Monday, March 31, 2008



So last night I had my first improv class in many many years!! Since my second quarter at PC I've been wanting to take some improv classes at a place called Dad's Garage here in Atlanta, but my PC schedule as always taken precedence over my love for improv! But now, thanks to Sunday night classes, I am back in the game.

I can tell this class is going to be MUCH MUCH better then one I took in DC. The DC crowd is just too stuck up and conservative for the likes of my comedic mind. Everyone at Dad's is totally on board for my inappropriate commentary and awkward timing. This class will definitely be a true compliment to the PC work load!

In other news, I was selected to go up to NYC for the Art Director's Club of New York annual portfolio review!! I'll be heading up at the beginning of May--woo hoo!!!

Friday, February 01, 2008

Never go to Starbucks without your headphones!

This afternoon, around 4:30, I ventured out to Starbucks in hopes of buckling down and focusing on my type & image book. I lasted a good four hours of straight type setting and image placement fun. However, these four hours did not go without some noteworthy observations! I should mention, that all of the following observations could've gone unnoticed, had I remembered my headphones!

At around 7:00 a homeless man sat down across from me. He kept to himself but just starred through me.
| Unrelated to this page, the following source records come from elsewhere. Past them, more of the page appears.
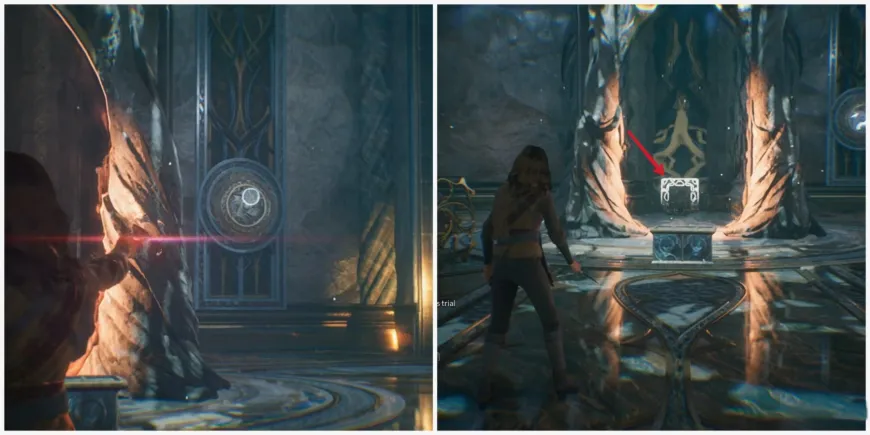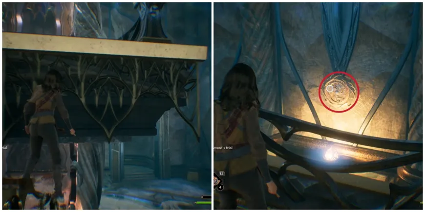 Перейдите через мост и исследуйте резервуар Древней магии, чтобы начать вторую часть испытания в Hogwarts Legacy. Цель - убрать столб, преграждающий путь.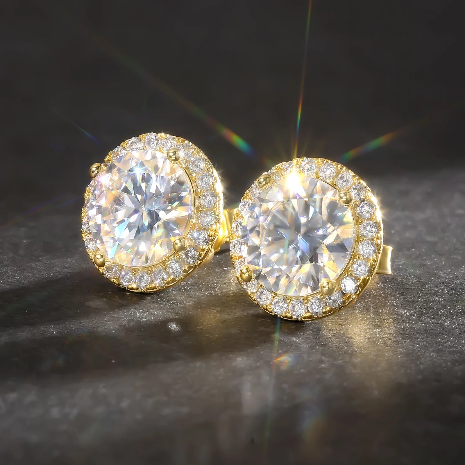 1CT Pass Diamond Test VVS Moissanite Jewelry GRA Certified Men Women Gifts 14K Gold Plated 925 Sterling Silver Halo Stud Earring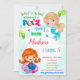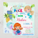 Convite de aniversário de piscina A garota convida para a piscina de convite para aniversário de sereia convidando para Piscina. Venha fazer um salto com este belo convite para o aniversário divertido de água da menina apresentando duas sereias bonitas. Basta editar este modelo fácil de usar no menu Personalização para torná-lo especial.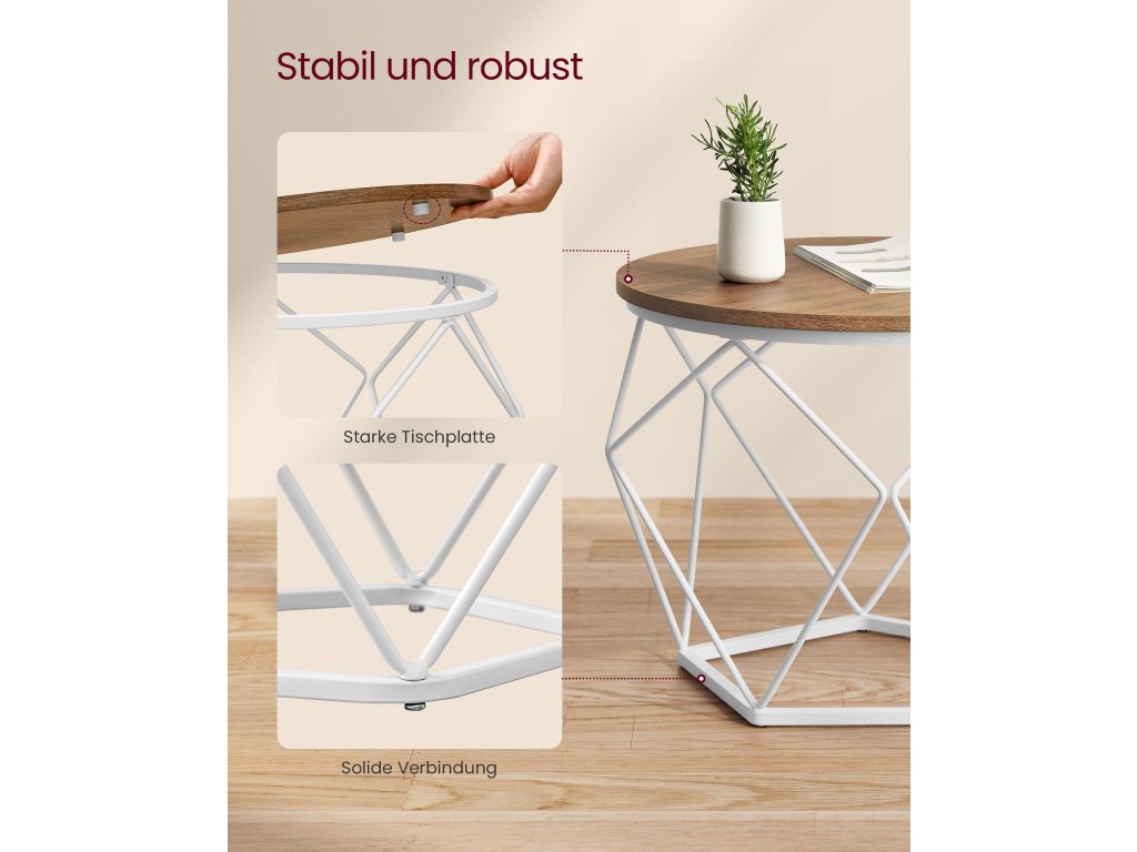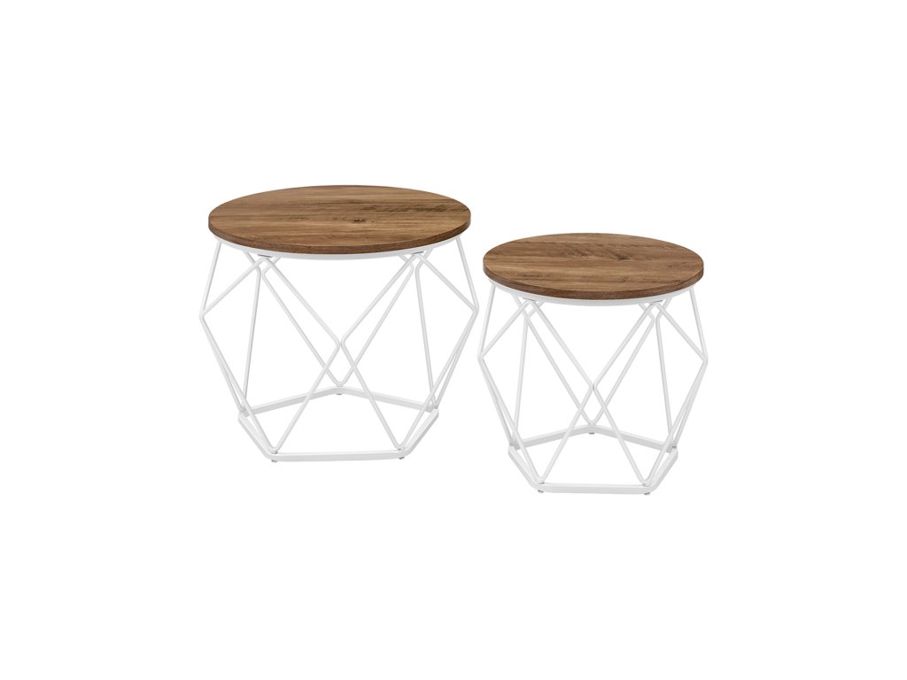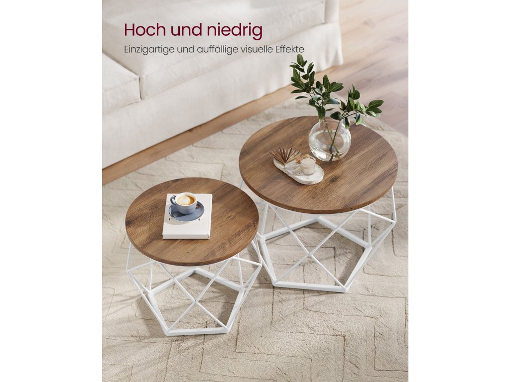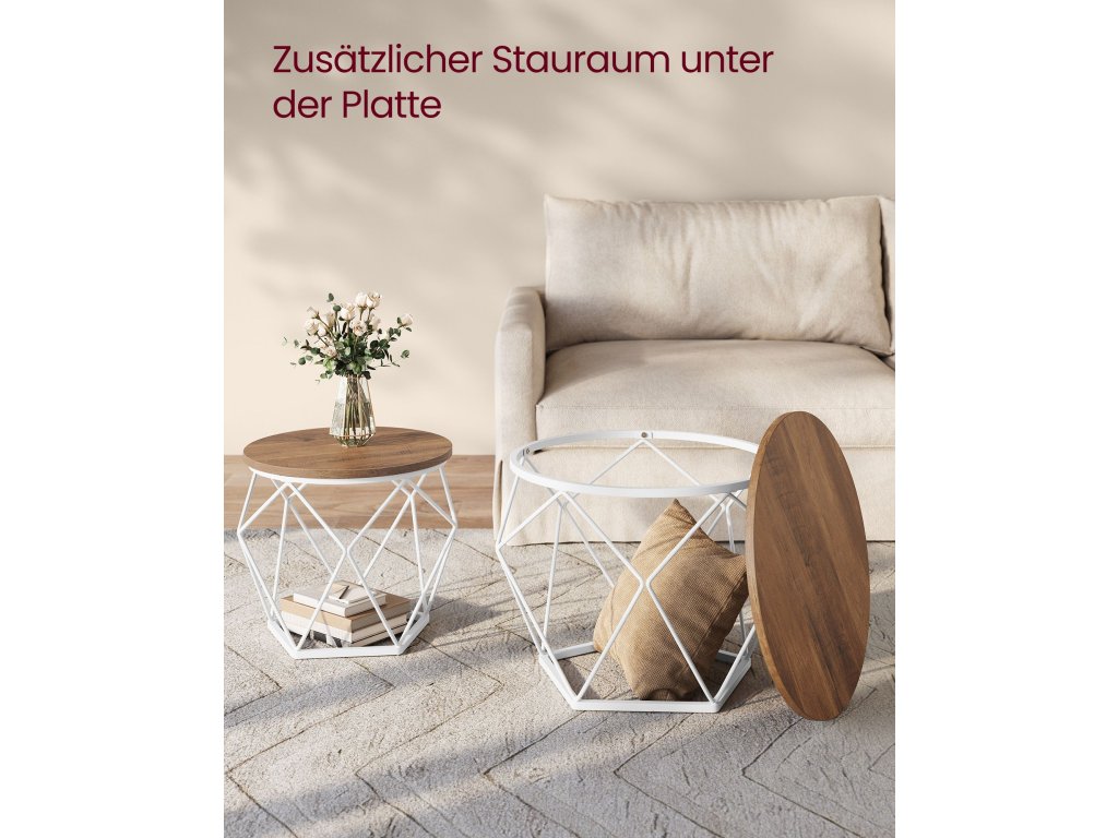 Kulaté konferenční stolky, sada 2 stolků, moderní styl, odnímatelná deska, ocelový rám, do obývacího pokoje, medově hnědá a bílá.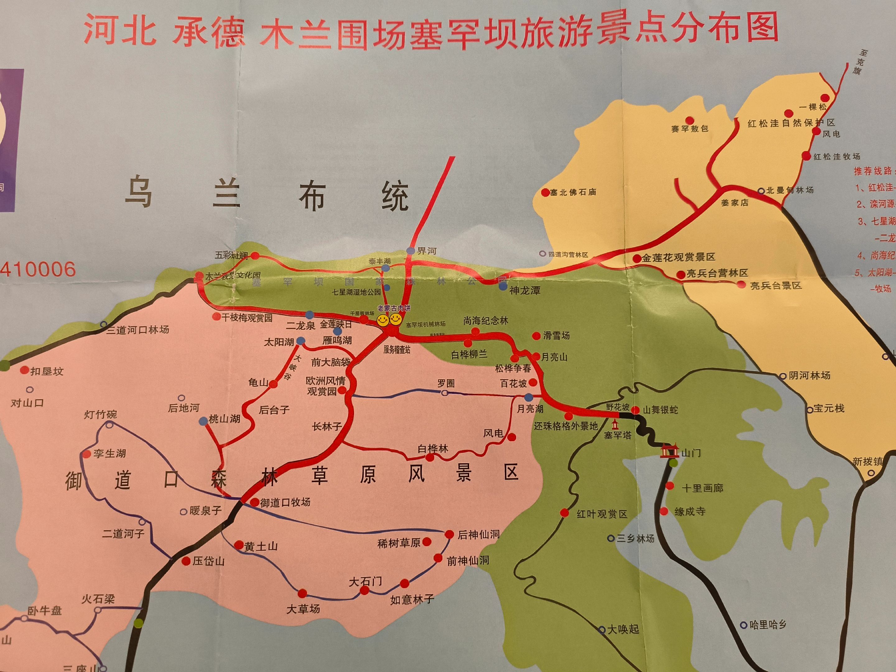 看完得原路返回,回到第一张地图中塞罕坝景区中间最上面的界河点,从这条公路再往北,就正式进入内蒙古地界的乌兰布统景区了,也就是地图中灰色地方。塞罕坝景区西边有个叫“五彩斑斓的景点”也特别漂亮,但是当地人说已经过了花期,所以就没带母亲去。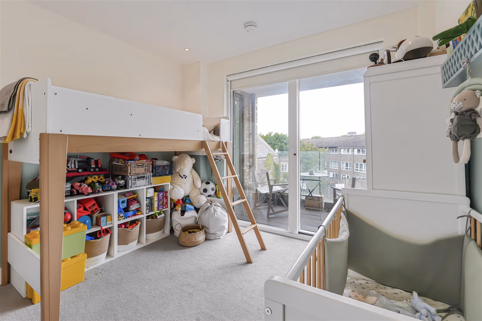The open-plan kitchen and reception room is filled with natural light and opens onto a private balcony, which can also be accessed directly from the main bedroom, perfect for enjoying a quiet moment outdoors.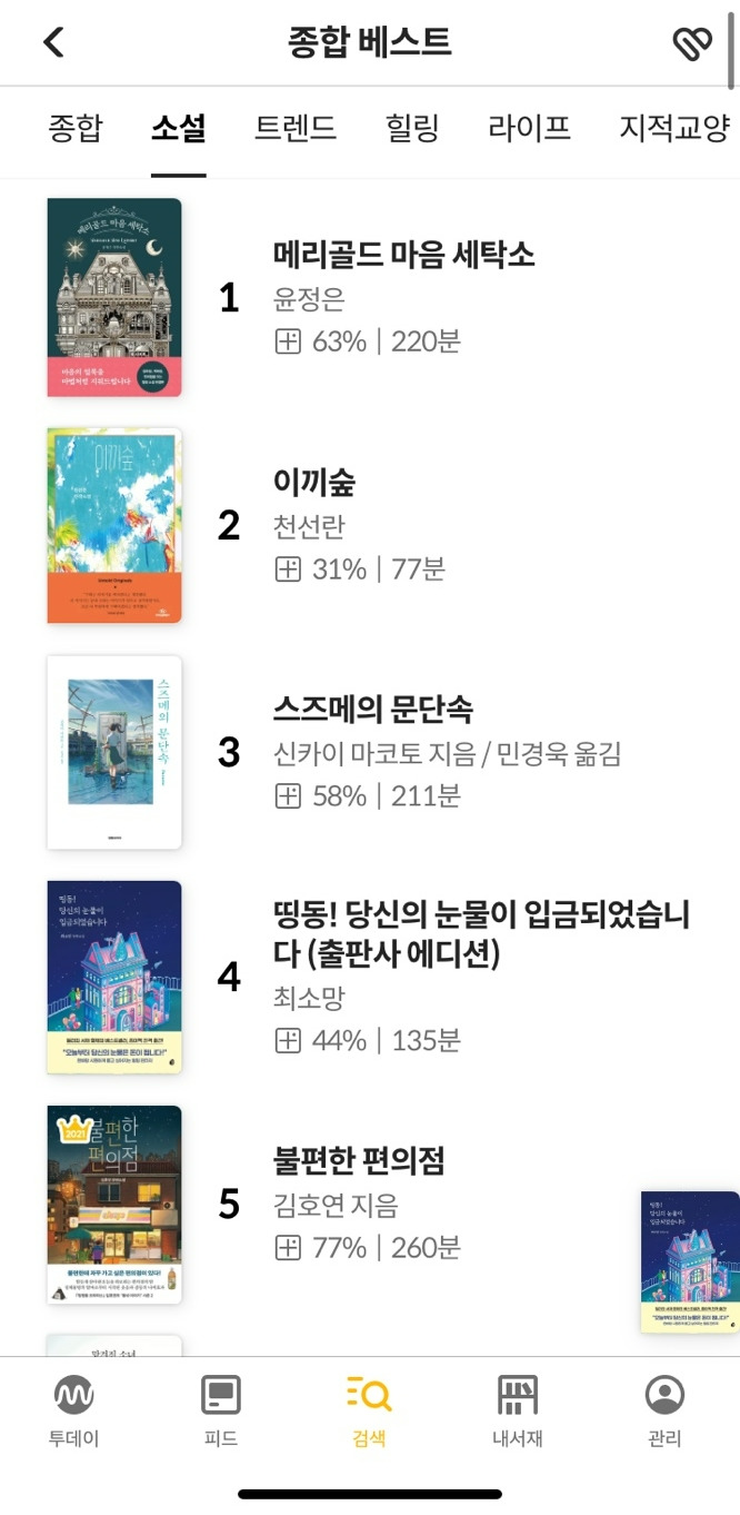 밀리의 서재에서는 4위까지 올라갔더라고요.

I wouldn't have minded as much if he hadn't smelled so bad. But, it wasn't too intolerable. I actually think he may have been entertained by my expressive facial responses to the frustration I felt while working on the book. I understand that's a pretty narcissistic thing to think, but what can ya do! The oddest thing about this man, was that he looked like my old therapist from VA. I swear, if old therapist was homeless, he would look JUST like this man. It was odd.

Perhaps the MOST noteworthy thing of the evening was the gathering of 5 loosely aquatinted individuals who sat behind me at the handicapped table. They were all pretty socially retarded, at seemed to have probably met via craigslist. They "broke the ice" by exchanging quotes from the second Austin Powers movie --"do I make you randy babey?"--and they all laughed. Loudly. They continued to talk over each other as if this Friday night was the most human interaction any of them had all week. I'd been more annoyed with them, if I wasn't so familiar with this plight. They eventually focused their conversing to board games of the past, and how much they loved them. This conversation lasted about 45 minutes, and seemed to have covered every single board game from UNO to Hungry Hungry Hippos. Then, a latecomer to the group arrived. She was a woman who was probably in her late thirties to mid forties? I assumed she was single--I assumed they were all singe! She surprised the group (and the entire Starbucks) with the board game of the evening: OPERATION. As the presentation of the board game continued, I began to connect their dots: This was their weekly social event: Friday night board games at the local Starbucks. I'll admit, I could relate a bit to the group, as I don't really go out much on the weekends, as I usually spend my time with my school projects. By the end of my time at Starbucks, I was ready to smash that fucking board game through each and every one of their faces. As the game intensified, so did the volume of their sad victorious cheers.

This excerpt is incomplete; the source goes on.